*** Opening Given information ***

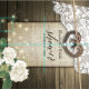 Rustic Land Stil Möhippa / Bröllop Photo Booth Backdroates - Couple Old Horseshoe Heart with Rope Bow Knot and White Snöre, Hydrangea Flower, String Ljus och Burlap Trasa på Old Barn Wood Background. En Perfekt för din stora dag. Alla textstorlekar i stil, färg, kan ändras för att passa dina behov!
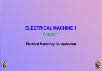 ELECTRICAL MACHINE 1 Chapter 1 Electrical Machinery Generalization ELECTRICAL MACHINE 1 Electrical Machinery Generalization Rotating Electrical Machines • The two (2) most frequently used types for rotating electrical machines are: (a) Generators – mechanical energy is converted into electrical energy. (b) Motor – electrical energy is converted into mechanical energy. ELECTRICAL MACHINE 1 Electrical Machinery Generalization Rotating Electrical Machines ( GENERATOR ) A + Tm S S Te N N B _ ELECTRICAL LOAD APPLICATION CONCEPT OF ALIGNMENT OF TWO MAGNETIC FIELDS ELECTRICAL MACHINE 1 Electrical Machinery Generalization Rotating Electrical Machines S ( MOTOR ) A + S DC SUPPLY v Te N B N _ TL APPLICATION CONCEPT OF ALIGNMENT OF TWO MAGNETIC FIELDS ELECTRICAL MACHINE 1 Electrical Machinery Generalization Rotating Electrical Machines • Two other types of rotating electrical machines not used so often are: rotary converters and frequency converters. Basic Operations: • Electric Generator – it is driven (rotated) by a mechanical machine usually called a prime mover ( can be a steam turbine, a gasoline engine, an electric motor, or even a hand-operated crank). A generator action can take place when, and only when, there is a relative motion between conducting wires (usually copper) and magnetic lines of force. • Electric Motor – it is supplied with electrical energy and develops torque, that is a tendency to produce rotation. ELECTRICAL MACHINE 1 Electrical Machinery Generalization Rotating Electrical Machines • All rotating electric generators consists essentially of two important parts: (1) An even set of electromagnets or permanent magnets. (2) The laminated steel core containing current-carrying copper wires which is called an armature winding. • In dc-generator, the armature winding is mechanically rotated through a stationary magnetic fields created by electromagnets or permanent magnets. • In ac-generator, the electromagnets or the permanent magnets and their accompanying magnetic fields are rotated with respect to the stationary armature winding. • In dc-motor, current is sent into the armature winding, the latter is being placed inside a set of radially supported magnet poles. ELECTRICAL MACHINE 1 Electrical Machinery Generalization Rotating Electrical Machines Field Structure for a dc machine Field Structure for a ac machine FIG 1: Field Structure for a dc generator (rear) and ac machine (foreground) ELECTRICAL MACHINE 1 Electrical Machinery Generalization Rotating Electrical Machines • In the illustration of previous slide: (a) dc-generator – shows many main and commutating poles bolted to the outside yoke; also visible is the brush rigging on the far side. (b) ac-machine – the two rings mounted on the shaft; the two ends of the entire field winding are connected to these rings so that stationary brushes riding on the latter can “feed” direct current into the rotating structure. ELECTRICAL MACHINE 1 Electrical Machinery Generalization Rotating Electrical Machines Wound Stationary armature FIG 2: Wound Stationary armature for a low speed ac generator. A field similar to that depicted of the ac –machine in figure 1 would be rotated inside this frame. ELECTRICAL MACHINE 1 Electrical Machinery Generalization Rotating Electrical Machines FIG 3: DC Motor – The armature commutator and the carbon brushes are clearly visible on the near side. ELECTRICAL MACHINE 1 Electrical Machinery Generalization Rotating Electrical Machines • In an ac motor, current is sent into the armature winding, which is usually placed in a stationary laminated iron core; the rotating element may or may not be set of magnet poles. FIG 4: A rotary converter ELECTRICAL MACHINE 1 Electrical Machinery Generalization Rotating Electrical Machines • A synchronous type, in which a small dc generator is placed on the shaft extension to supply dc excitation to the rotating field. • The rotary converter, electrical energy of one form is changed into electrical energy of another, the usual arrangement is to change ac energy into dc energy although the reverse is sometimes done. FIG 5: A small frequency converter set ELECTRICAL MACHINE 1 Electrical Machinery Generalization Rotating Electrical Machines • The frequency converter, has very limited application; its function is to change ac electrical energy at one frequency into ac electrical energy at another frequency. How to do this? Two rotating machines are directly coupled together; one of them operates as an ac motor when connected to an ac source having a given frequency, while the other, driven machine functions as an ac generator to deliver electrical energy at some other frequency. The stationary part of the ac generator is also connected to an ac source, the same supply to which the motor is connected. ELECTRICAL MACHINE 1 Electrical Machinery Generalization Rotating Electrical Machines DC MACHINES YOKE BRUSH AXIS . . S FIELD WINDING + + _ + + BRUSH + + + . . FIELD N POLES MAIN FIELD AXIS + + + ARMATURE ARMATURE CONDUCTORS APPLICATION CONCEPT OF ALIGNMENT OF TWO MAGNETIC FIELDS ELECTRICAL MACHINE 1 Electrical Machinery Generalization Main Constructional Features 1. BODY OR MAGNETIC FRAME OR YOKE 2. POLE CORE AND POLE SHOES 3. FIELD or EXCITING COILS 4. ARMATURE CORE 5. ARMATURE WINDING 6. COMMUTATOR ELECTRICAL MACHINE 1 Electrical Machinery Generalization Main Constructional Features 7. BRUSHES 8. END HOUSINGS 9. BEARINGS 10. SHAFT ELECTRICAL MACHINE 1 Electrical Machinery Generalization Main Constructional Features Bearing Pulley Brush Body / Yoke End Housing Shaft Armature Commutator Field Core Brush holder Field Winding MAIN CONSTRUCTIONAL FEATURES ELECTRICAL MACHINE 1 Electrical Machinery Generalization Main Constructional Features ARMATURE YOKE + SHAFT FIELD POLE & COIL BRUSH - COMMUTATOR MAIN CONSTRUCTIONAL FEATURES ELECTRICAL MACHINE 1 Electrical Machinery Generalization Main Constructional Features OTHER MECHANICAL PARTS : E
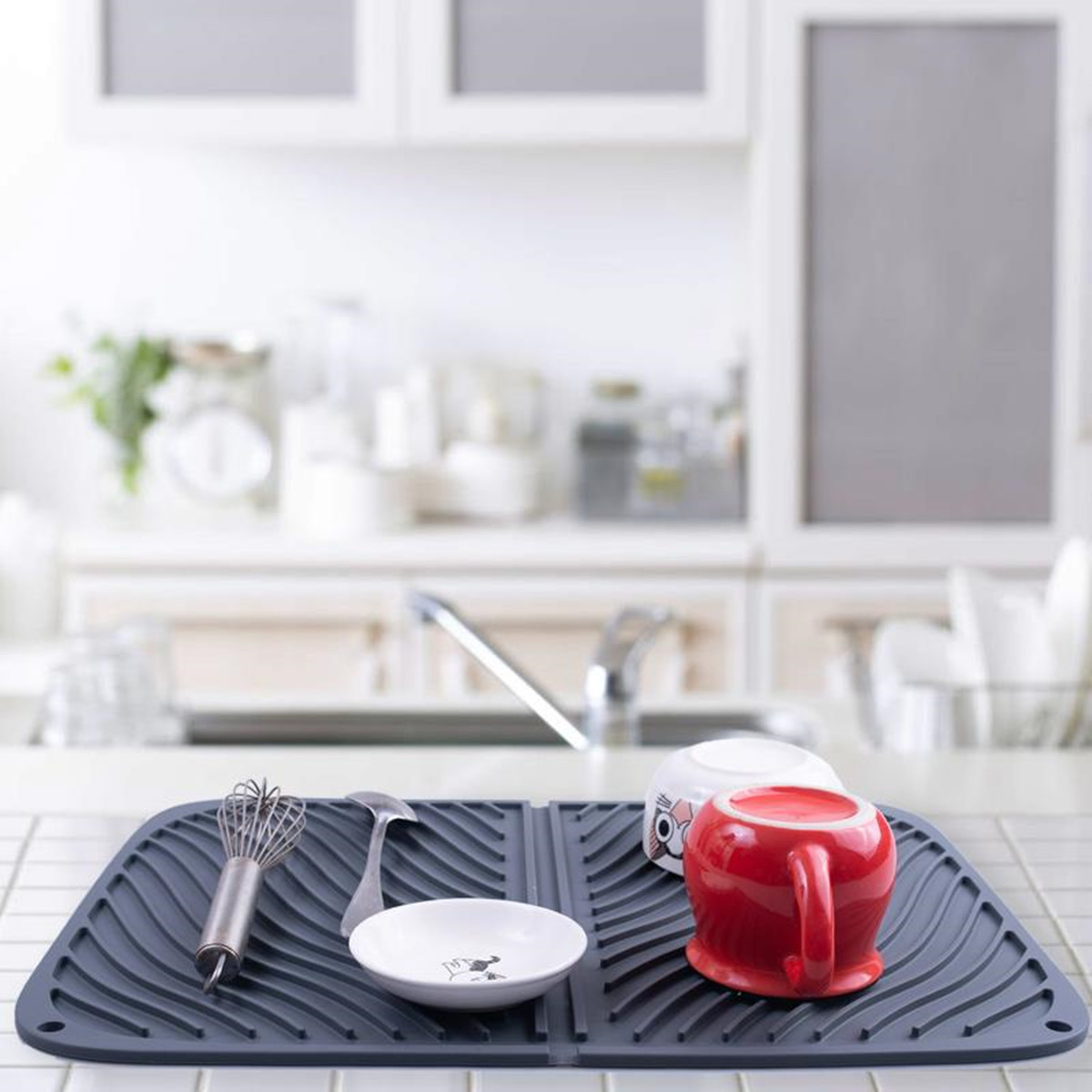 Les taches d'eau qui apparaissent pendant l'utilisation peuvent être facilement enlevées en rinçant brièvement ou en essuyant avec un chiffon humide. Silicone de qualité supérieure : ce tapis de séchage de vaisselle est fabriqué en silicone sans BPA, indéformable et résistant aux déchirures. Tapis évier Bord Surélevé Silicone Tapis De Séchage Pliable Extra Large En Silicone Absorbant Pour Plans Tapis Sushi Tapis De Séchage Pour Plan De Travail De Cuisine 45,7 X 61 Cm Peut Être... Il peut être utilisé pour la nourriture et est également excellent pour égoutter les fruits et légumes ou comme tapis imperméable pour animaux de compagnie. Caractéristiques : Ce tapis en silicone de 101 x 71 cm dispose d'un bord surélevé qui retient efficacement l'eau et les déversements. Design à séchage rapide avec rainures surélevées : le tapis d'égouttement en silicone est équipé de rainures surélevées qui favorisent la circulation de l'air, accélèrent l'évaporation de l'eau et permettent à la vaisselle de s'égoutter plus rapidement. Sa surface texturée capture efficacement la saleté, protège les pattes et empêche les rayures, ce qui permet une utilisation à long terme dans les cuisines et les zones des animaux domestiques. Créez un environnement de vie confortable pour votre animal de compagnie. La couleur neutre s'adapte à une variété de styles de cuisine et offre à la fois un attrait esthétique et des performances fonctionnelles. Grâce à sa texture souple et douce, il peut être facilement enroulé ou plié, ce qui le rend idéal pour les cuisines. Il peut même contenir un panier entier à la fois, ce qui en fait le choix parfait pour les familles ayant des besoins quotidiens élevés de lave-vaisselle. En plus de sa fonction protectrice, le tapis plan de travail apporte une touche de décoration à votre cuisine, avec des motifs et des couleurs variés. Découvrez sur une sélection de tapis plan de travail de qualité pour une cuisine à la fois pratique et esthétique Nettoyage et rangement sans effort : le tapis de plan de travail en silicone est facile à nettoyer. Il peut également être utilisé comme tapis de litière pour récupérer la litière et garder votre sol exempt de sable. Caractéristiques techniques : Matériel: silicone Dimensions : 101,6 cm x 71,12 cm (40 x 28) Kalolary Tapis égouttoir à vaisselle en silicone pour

*** Closing Given information ***

Task description =
Only the pictures stay out; everything else in the listing above must be repeated exactly.

Answer below =
 Rustic Land Stil Möhippa / Bröllop Photo Booth Backdroates - Couple Old Horseshoe Heart with Rope Bow Knot and White Snöre, Hydrangea Flower, String Ljus och Burlap Trasa på Old Barn Wood Background. En Perfekt för din stora dag. Alla textstorlekar i stil, färg, kan ändras för att passa dina behov!
 ELECTRICAL MACHINE 1 Chapter 1 Electrical Machinery Generalization ELECTRICAL MACHINE 1 Electrical Machinery Generalization Rotating Electrical Machines • The two (2) most frequently used types for rotating electrical machines are: (a) Generators – mechanical energy is converted into electrical energy. (b) Motor – electrical energy is converted into mechanical energy. ELECTRICAL MACHINE 1 Electrical Machinery Generalization Rotating Electrical Machines ( GENERATOR ) A + Tm S S Te N N B _ ELECTRICAL LOAD APPLICATION CONCEPT OF ALIGNMENT OF TWO MAGNETIC FIELDS ELECTRICAL MACHINE 1 Electrical Machinery Generalization Rotating Electrical Machines S ( MOTOR ) A + S DC SUPPLY v Te N B N _ TL APPLICATION CONCEPT OF ALIGNMENT OF TWO MAGNETIC FIELDS ELECTRICAL MACHINE 1 Electrical Machinery Generalization Rotating Electrical Machines • Two other types of rotating electrical machines not used so often are: rotary converters and frequency converters. Basic Operations: • Electric Generator – it is driven (rotated) by a mechanical machine usually called a prime mover ( can be a steam turbine, a gasoline engine, an electric motor, or even a hand-operated crank). A generator action can take place when, and only when, there is a relative motion between conducting wires (usually copper) and magnetic lines of force. • Electric Motor – it is supplied with electrical energy and develops torque, that is a tendency to produce rotation. ELECTRICAL MACHINE 1 Electrical Machinery Generalization Rotating Electrical Machines • All rotating electric generators consists essentially of two important parts: (1) An even set of electromagnets or permanent magnets. (2) The laminated steel core containing current-carrying copper wires which is called an armature winding. • In dc-generator, the armature winding is mechanically rotated through a stationary magnetic fields created by electromagnets or permanent magnets. • In ac-generator, the electromagnets or the permanent magnets and their accompanying magnetic fields are rotated with respect to the stationary armature winding. • In dc-motor, current is sent into the armature winding, the latter is being placed inside a set of radially supported magnet poles. ELECTRICAL MACHINE 1 Electrical Machinery Generalization Rotating Electrical Machines Field Structure for a dc machine Field Structure for a ac machine FIG 1: Field Structure for a dc generator (rear) and ac machine (foreground) ELECTRICAL MACHINE 1 Electrical Machinery Generalization Rotating Electrical Machines • In the illustration of previous slide: (a) dc-generator – shows many main and commutating poles bolted to the outside yoke; also visible is the brush rigging on the far side. (b) ac-machine – the two rings mounted on the shaft; the two ends of the entire field winding are connected to these rings so that stationary brushes riding on the latter can “feed” direct current into the rotating structure. ELECTRICAL MACHINE 1 Electrical Machinery Generalization Rotating Electrical Machines Wound Stationary armature FIG 2: Wound Stationary armature for a low speed ac generator. A field similar to that depicted of the ac –machine in figure 1 would be rotated inside this frame. ELECTRICAL MACHINE 1 Electrical Machinery Generalization Rotating Electrical Machines FIG 3: DC Motor – The armature commutator and the carbon brushes are clearly visible on the near side. ELECTRICAL MACHINE 1 Electrical Machinery Generalization Rotating Electrical Machines • In an ac motor, current is sent into the armature winding, which is usually placed in a stationary laminated iron core; the rotating element may or may not be set of magnet poles. FIG 4: A rotary converter ELECTRICAL MACHINE 1 Electrical Machinery Generalization Rotating Electrical Machines • A synchronous type, in which a small dc generator is placed on the shaft extension to supply dc excitation to the rotating field. • The rotary converter, electrical energy of one form is changed into electrical energy of another, the usual arrangement is to change ac energy into dc energy although the reverse is sometimes done. FIG 5: A small frequency converter set ELECTRICAL MACHINE 1 Electrical Machinery Generalization Rotating Electrical Machines • The frequency converter, has very limited application; its function is to change ac electrical energy at one frequency into ac electrical energy at another frequency. How to do this? Two rotating machines are directly coupled together; one of them operates as an ac motor when connected to an ac source having a given frequency, while the other, driven machine functions as an ac generator to deliver electrical energy at some other frequency. The stationary part of the ac generator is also connected to an ac source, the same supply to which the motor is connected. ELECTRICAL MACHINE 1 Electrical Machinery Generalization Rotating Electrical Machines DC MACHINES YOKE BRUSH AXIS . . S FIELD WINDING + + _ + + BRUSH + + + . . FIELD N POLES MAIN FIELD AXIS + + + ARMATURE ARMATURE CONDUCTORS APPLICATION CONCEPT OF ALIGNMENT OF TWO MAGNETIC FIELDS ELECTRICAL MACHINE 1 Electrical Machinery Generalization Main Constructional Features 1. BODY OR MAGNETIC FRAME OR YOKE 2. POLE CORE AND POLE SHOES 3. FIELD or EXCITING COILS 4. ARMATURE CORE 5. ARMATURE WINDING 6. COMMUTATOR ELECTRICAL MACHINE 1 Electrical Machinery Generalization Main Constructional Features 7. BRUSHES 8. END HOUSINGS 9. BEARINGS 10. SHAFT ELECTRICAL MACHINE 1 Electrical Machinery Generalization Main Constructional Features Bearing Pulley Brush Body / Yoke End Housing Shaft Armature Commutator Field Core Brush holder Field Winding MAIN CONSTRUCTIONAL FEATURES ELECTRICAL MACHINE 1 Electrical Machinery Generalization Main Constructional Features ARMATURE YOKE + SHAFT FIELD POLE & COIL BRUSH - COMMUTATOR MAIN CONSTRUCTIONAL FEATURES ELECTRICAL MACHINE 1 Electrical Machinery Generalization Main Constructional Features OTHER MECHANICAL PARTS : E
 Les taches d'eau qui apparaissent pendant l'utilisation peuvent être facilement enlevées en rinçant brièvement ou en essuyant avec un chiffon humide. Silicone de qualité supérieure : ce tapis de séchage de vaisselle est fabriqué en silicone sans BPA, indéformable et résistant aux déchirures. Tapis évier Bord Surélevé Silicone Tapis De Séchage Pliable Extra Large En Silicone Absorbant Pour Plans Tapis Sushi Tapis De Séchage Pour Plan De Travail De Cuisine 45,7 X 61 Cm Peut Être... Il peut être utilisé pour la nourriture et est également excellent pour égoutter les fruits et légumes ou comme tapis imperméable pour animaux de compagnie. Caractéristiques : Ce tapis en silicone de 101 x 71 cm dispose d'un bord surélevé qui retient efficacement l'eau et les déversements. Design à séchage rapide avec rainures surélevées : le tapis d'égouttement en silicone est équipé de rainures surélevées qui favorisent la circulation de l'air, accélèrent l'évaporation de l'eau et permettent à la vaisselle de s'égoutter plus rapidement. Sa surface texturée capture efficacement la saleté, protège les pattes et empêche les rayures, ce qui permet une utilisation à long terme dans les cuisines et les zones des animaux domestiques. Créez un environnement de vie confortable pour votre animal de compagnie. La couleur neutre s'adapte à une variété de styles de cuisine et offre à la fois un attrait esthétique et des performances fonctionnelles. Grâce à sa texture souple et douce, il peut être facilement enroulé ou plié, ce qui le rend idéal pour les cuisines. Il peut même contenir un panier entier à la fois, ce qui en fait le choix parfait pour les familles ayant des besoins quotidiens élevés de lave-vaisselle. En plus de sa fonction protectrice, le tapis plan de travail apporte une touche de décoration à votre cuisine, avec des motifs et des couleurs variés. Découvrez sur une sélection de tapis plan de travail de qualité pour une cuisine à la fois pratique et esthétique Nettoyage et rangement sans effort : le tapis de plan de travail en silicone est facile à nettoyer. Il peut également être utilisé comme tapis de litière pour récupérer la litière et garder votre sol exempt de sable. Caractéristiques techniques : Matériel: silicone Dimensions : 101,6 cm x 71,12 cm (40 x 28) Kalolary Tapis égouttoir à vaisselle en silicone pour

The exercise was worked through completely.